В голове у меня бешеный сумбур эмоций, и я использую его дезориентацию, чтобы бежать.
Это ужасная ошибка. Я буду сожалеть об этом всю оставшуюся жизнь.
Но чтобы сделать это, я должна бежать…
Крис хватает меня за лодыжку, но я бью его изо всех сил.
Но он больше меня, сильнее, и никакой адреналин мне не поможет.
– Похоже, ты выбрала насилие, и я его применю.
Он забирается на мое хрупкое, бьющееся тело и дает мне такую сильную пощечину, что моя голова с грохотом падает на пол.
Мое зрение темнеет, и в голове начинают появляться белые точки.
Кажется, у меня… сотрясение мозга.
То, что происходит дальше, это размытые движения. Я дезориентирована, и мое тело как будто отличается от моего.
Нападение.
Насилие.
Жгучая боль.
Иногда я думаю, что я счастливица, что я не помню почти ничего из этого.
Я счастливица, что я помню только то, как лежала на полу после того, как он закончил, и думала, что все будет хорошо.
Мне кажется, я видела Астрид в середине всего этого, но я также видела Дэниела, идущего, чтобы спасти меня, так что, вероятно, это была игра моего воображения.
Надеюсь, что кровь на моем белом платье тоже игра воображения.
Тело все еще ощущается как инопланетное существо, когда я ползу в ванную на животе. Мои ногти трясутся в попытках добраться быстрее.
А может, они сломались, когда я пыталась отбиться. Вонь травки, сигарет и мужского мускуса прилипает к моей коже, и мне нужно, чтобы это исчезло.
Мне также нужно, чтобы кровь на моем платье исчезла.
Мне нужно, чтобы все это исчезло.
Это компульсивная реакция, потребность избавиться от всего этого, поэтому я ползу быстрее, ломаю больше ногтей и скребу коленями по полу.
Как только я оказываюсь в душе, я напрягаюсь, чтобы нажать на кнопку воды.
Холодная.
Как моя душа.
Садясь у стены в одежде, я подтягиваю колени к груди.

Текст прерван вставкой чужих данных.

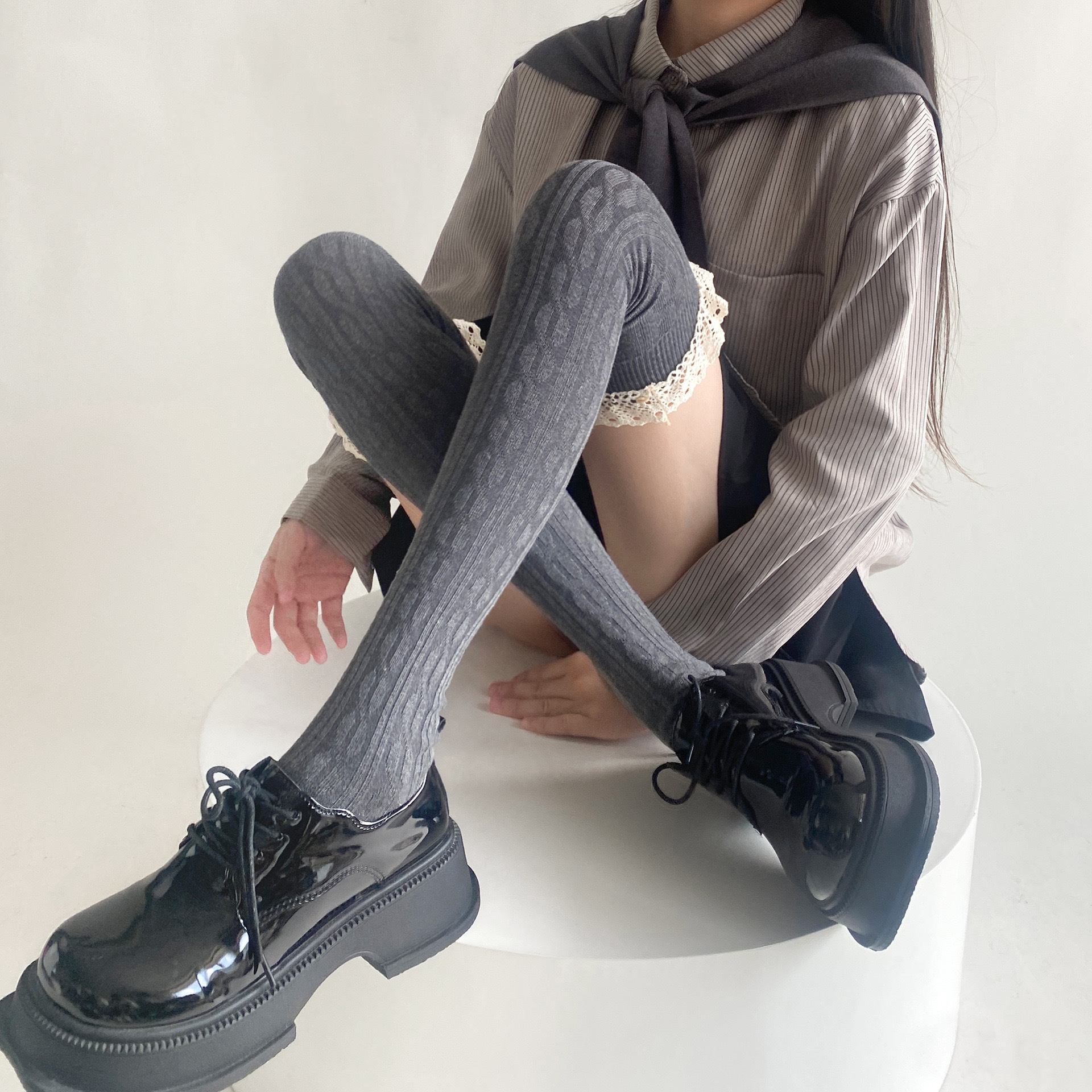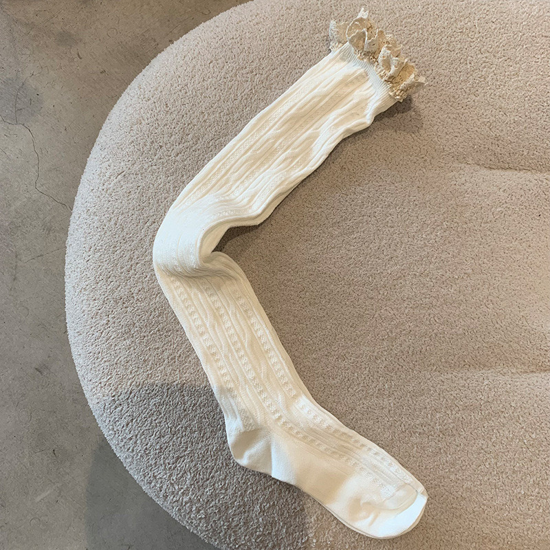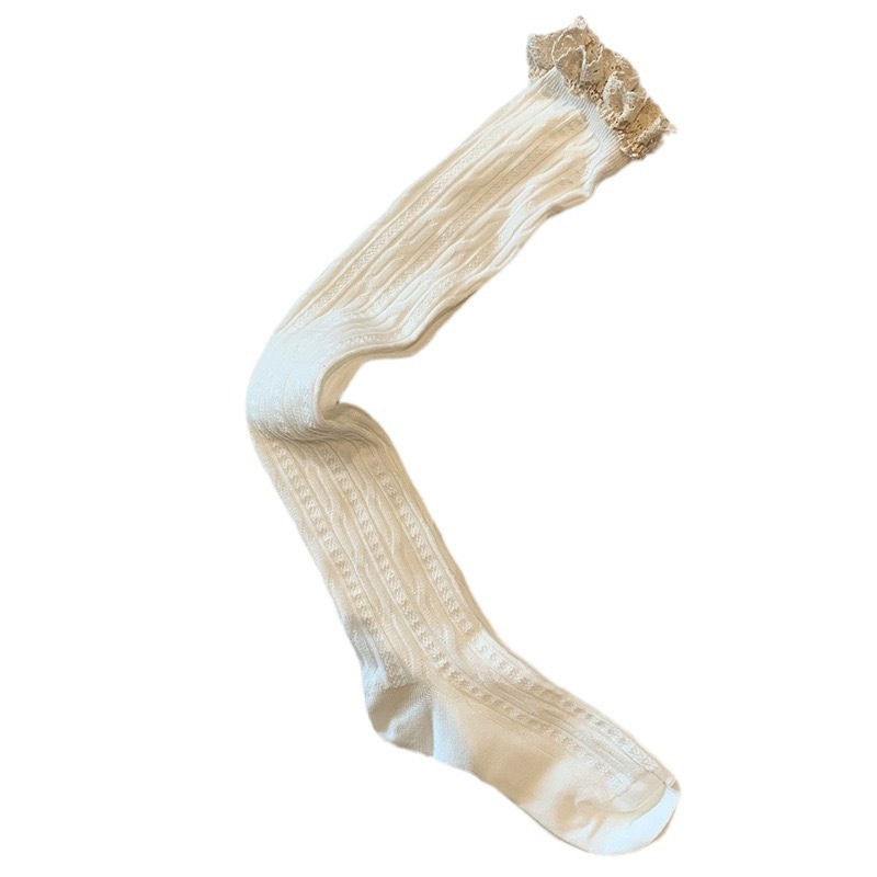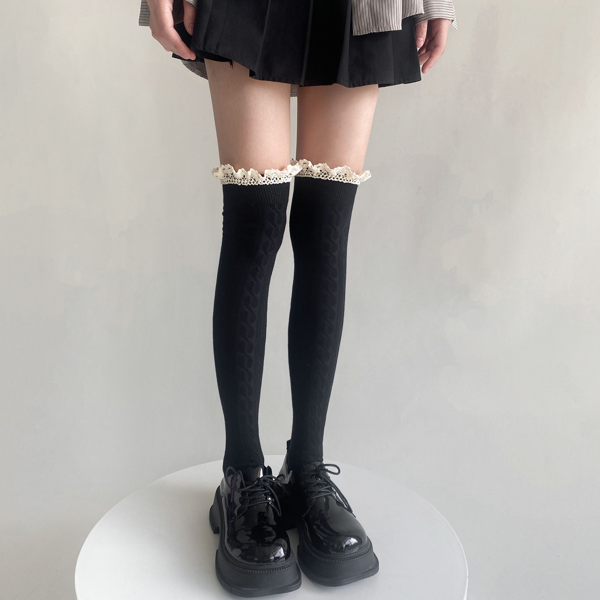 袜子女日系甜美蕾丝花边袜过膝大腿袜复古麻花洛丽塔穿搭小众靴袜

Но я не плачу. У меня нет на это права.
Я поднимаю глаза к потолку и шепчу:
– Папа… Пожалуйста, забери меня с собой.
***
Я часами нахожусь под струями воды, пока мне не начинает казаться, что я точно заболею пневмонией.

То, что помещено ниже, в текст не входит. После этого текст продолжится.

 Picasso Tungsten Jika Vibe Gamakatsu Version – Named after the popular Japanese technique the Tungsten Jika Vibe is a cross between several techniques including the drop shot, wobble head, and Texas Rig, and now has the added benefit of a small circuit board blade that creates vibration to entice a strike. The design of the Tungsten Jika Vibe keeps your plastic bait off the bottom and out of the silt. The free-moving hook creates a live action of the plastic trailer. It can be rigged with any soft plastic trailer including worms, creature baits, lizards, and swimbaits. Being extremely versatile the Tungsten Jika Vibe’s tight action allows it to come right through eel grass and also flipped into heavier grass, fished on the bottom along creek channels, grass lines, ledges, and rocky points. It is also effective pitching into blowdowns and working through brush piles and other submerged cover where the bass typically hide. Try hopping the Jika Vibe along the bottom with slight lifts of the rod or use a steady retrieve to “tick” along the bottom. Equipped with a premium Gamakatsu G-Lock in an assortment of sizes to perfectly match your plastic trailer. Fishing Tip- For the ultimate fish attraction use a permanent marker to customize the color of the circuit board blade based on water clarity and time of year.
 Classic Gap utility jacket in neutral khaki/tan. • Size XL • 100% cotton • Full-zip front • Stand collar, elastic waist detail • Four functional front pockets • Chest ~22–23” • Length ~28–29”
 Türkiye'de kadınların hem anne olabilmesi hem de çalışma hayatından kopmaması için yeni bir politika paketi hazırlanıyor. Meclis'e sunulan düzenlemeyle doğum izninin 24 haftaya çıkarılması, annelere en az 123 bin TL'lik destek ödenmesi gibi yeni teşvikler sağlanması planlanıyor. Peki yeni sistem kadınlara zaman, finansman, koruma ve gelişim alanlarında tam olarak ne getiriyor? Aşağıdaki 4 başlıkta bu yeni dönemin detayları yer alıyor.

Потом я скребу свое тело до покраснения и боли, но все равно не могу избавиться от его гнилостного запаха.
От вони сигарет и травки.
Не знаю, откуда у меня берутся силы, чтобы разорвать в клочья окровавленное белое платье и переодеться в джинсы и майку, но я это делаю.

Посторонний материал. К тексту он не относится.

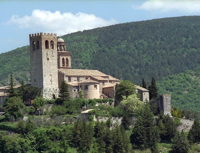 l’assoggettarono al Ducato di Spoleto, nell’850 eressero la cittadina a “Contea” dell’imperatore Lotario, concedendola in feudo ad uno dei figli del duca di Spoleto che la fortificò con un impianto architettonico convergente verso la grande rocca, posta in cima al colle. Nel XII sec., divenuta Comune, con l’aiuto del vescovo Anselmo, si liberò del dominio del conte ma nel 1202 venne sottomessa da Perugia. Coinvolta nelle guerre tra la guelfa Perugia e la ghibellina Foligno, nel 1248 fu distrutta dagli eserciti imperiali di Federico II. Riconquistata da Perugia nel 1251 la cittadina ricostruì le sue mura difensive e ristrutturò il suo assetto urbanistico, così come oggi lo ammiriamo. Passata nel 1392 sotto il dominio dei Trinci di Foligno, nel 1439 la cittadina fu annessa definitivamente allo Stato della Chiesa, seguendone, da quel momento, le vicende sotto la legazione di Perugia. Di quel periodo, significativo è l’anno 1559, in cui venne fondato il seminario vescovile, che raggiunse, nel XVI sec., la facoltà di dare lauree. Sempre nel XVI sec., furono riconosciute le qualità terapeutiche delle sue acque sorgive.
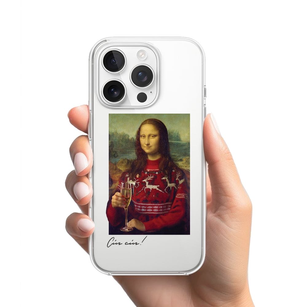 Etui do iPhone 16 Pro świąteczna Mona Lisa z szampanem, przeźroczyste
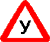 "Учебное транспортное средство" - в виде равностороннего треугольника белого цвета вершиной вверх с каймой красного цвета, в который вписана буква "У" черного цвета (сторона не менее 200 мм, ширина каймы - 1/10 стороны), - спереди и сзади механических транспортных средств, используемых для обучения вождению (допускается установка двустороннего знака на крыше легкового автомобиля); |
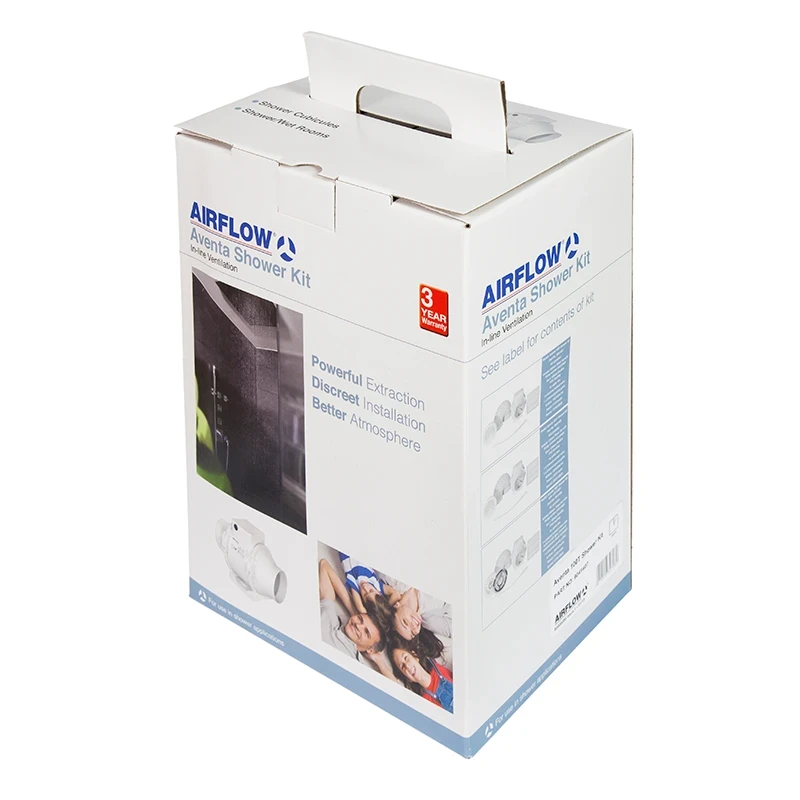 Less bulky than larger in-line centrifugal fans, the Aventa Shower Kit can be installed in loft spaces or service shafts for remote extraction. · · · In-line mixed flow fan · · Designed for ducted installations · · High pressure, low noise · · Compact and quiet in operation · · Two speed (normal and boost) · · Access to motor and impeller without dismantling ductwork · · Low watt motor from 25W · · IPX4 rating · · Adjustable overrun timer · · Complies with Building Regulations
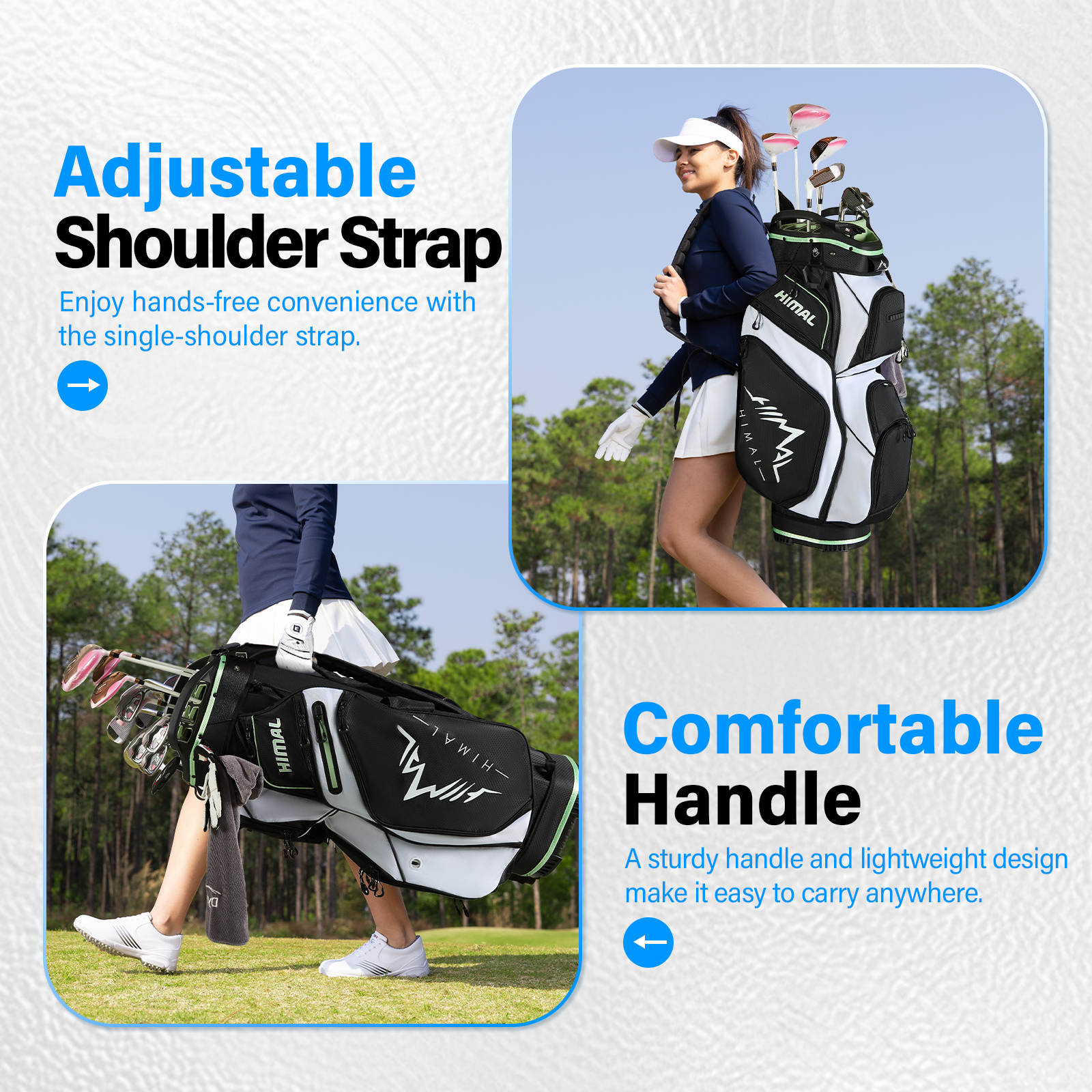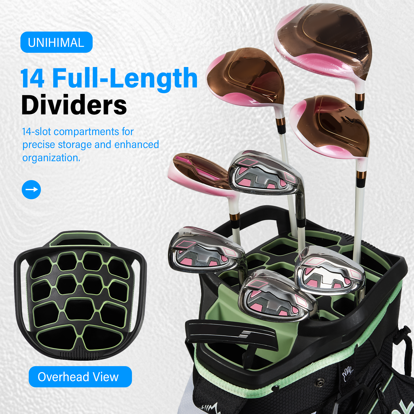 14-Way Full-Length Divider Design: This golf cart bag features a 14-way full-length divider design, reducing friction between clubs and effectively preventing scratches and damage, ensuring your clubs are organized and fully protected

Я должна выбраться отсюда.
Я должна забыть.
Все мое тело дрожит, пока я веду машину. Мне приходится останавливаться на обочине каждые пять минут, чтобы удержаться от гипервентиляции.
Но я не отказываюсь от плана. Я не разворачиваюсь. Продолжаю ехать, пока не доберусь до места назначения.
Дом Дэниела.
Или, скорее, особняк.
Его семья богата, а поскольку его отец несколько эксцентричен – и ужасный родитель для Зака и Дэниела, – он спроектировал дом необычным образом. Снаружи он выглядит как купол, украшенный окнами и дверями разных геометрических форм.
Как только я выхожу из машины, небеса распахиваются, и сильный дождь за секунду промочил меня.
Я ничего не чувствую, ни воды, ни своих шагов. Плыву по воздуху, пока не дохожу до ворот.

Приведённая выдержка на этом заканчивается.